Hal ini juga yang menyebabkan di negara mereka sendiri banyak drama Korea mendapatkan rating yang tinggi justru lantaran mengambil tema kehidupan wanita di umur 30-an. Sebut saja MY LOVELY SAM SOON dan WIFE TEMPTATION yang juga menuai respon bagus saat ditayangkan di salah satu channel TV swasta Indonesia. Drama berseri tersebut bercerita tentang bagaimana wanita single di umur 30 ke atas berusaha menyesuaikan dengan standar hidup masyarakat Korea namun juga harus berjuang mendapatkan cinta.
Kasus terlambat menikah sepertinya disebabkan oleh kebingungan para wanita Korea. Mereka nampaknya masuk dalam 3 kategori berikut ini.
Kategori pertama adalah tipe survival alias mereka yang cenderung memilih bertahan di rumah, mengurusi rumah tangga dan anak-anak.
Kategori kedua adalah dependant alias tipe wanita yang sebenarnya sudah mampu mengurusi diri sendiri namun memerlukan lelaki dengan penghasilan yang lebih tinggi sehingga mereka bisa memilih akan bekerja atau tidak setelah menikah.
Tipe ketiga adalah preserving, yaitu wanita dengan penghasilan sangat tinggi dan hanya mempertimbangkan pernikahan yang tidak mengganggu perjalanan karirnya.
Kebanyakan wanita Korea masuk di kategori kedua, tipe dependant, karena mereka tidak berencana menghabiskan hidup mereka sendirian. Oleh karena itu mereka mulai cemas mencari pasangan hidup yang dapat mengurusi mereka.
Meski demikian, menerima lelaki dengan latar belakang finansial yang bagus juga tak selamanya menguntungkan. Jika mereka bertemu pria kaya, para wanita ini khawatir status mereka akan turun ke kategori pertama. Menjadi tipe survival sangat ditakutkan wanita Korea saat ini, karena mereka tidak ingin tinggal diam mengurusi rumah saja. Masalah lainnya adalah jika para wanita ini tetap harus bekerja, mereka takut tetap harus mengurusi rumah dan anak-anak.
Tentu jarang sekali ada lelaki yang mampu memberikan wanita Korea ini kedua-duanya; kebebasan bekerja dan rumah tangga. Dengan persyaratan yang begitu sulit, tak heran para wanita ini sulit mendapatkan jodoh yang diinginkan. Mungkin lebih baik bagi para wanita pencari cinta ini untuk keluar dari mindset seorang dependant dan beralih menjadi coexist. Alih-alih berpikir tentang keuntungan materi, mencari suami yang mampu menjadi pasangan hidup menjadi pilihan yang lebih realistis.
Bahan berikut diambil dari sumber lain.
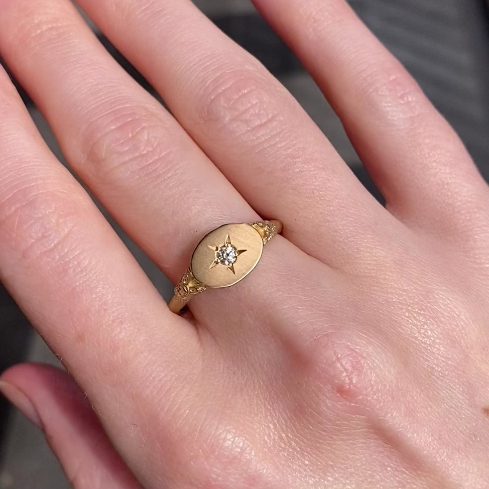 Australiana holds a treasured place both in my heart and my practice. The shoulders of this signet ring are marked with kangaroo faces and it's set with an Australian diamond from the Argyle mine.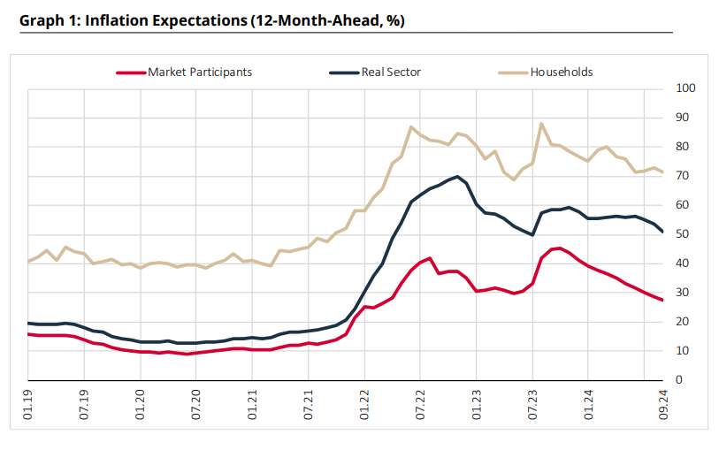 Accordingly, 12-month-ahead annual inflation expectations for September 2024 decreased by 1.2 points to 27.5 percent for market participants, by 2.7 points to 51.1 percent for the real sector and by 1.5 points to 71.6 percent for households.

Memilih pasangan hidup berarti memilih orang yang bisa berbagi beban dan melakukan apa pun bersama-sama. Urusan karir atau materi selalu bisa direncanakan seiring berjalannya pernikahan.
Nah, bagaimana dengan wanita Indonesia yang juga banyak terpengaruh imbas Korean Wave? Tentunya wanita Indonesia dan generasi muda Korean-addict harus disadarkan bahwa apa yang terjadi di drama memang hanya sebuah drama. Jangan sampai apa yang Anda tonton membuat Anda menjadi pemilih dan berekspektasi terlalu tinggi.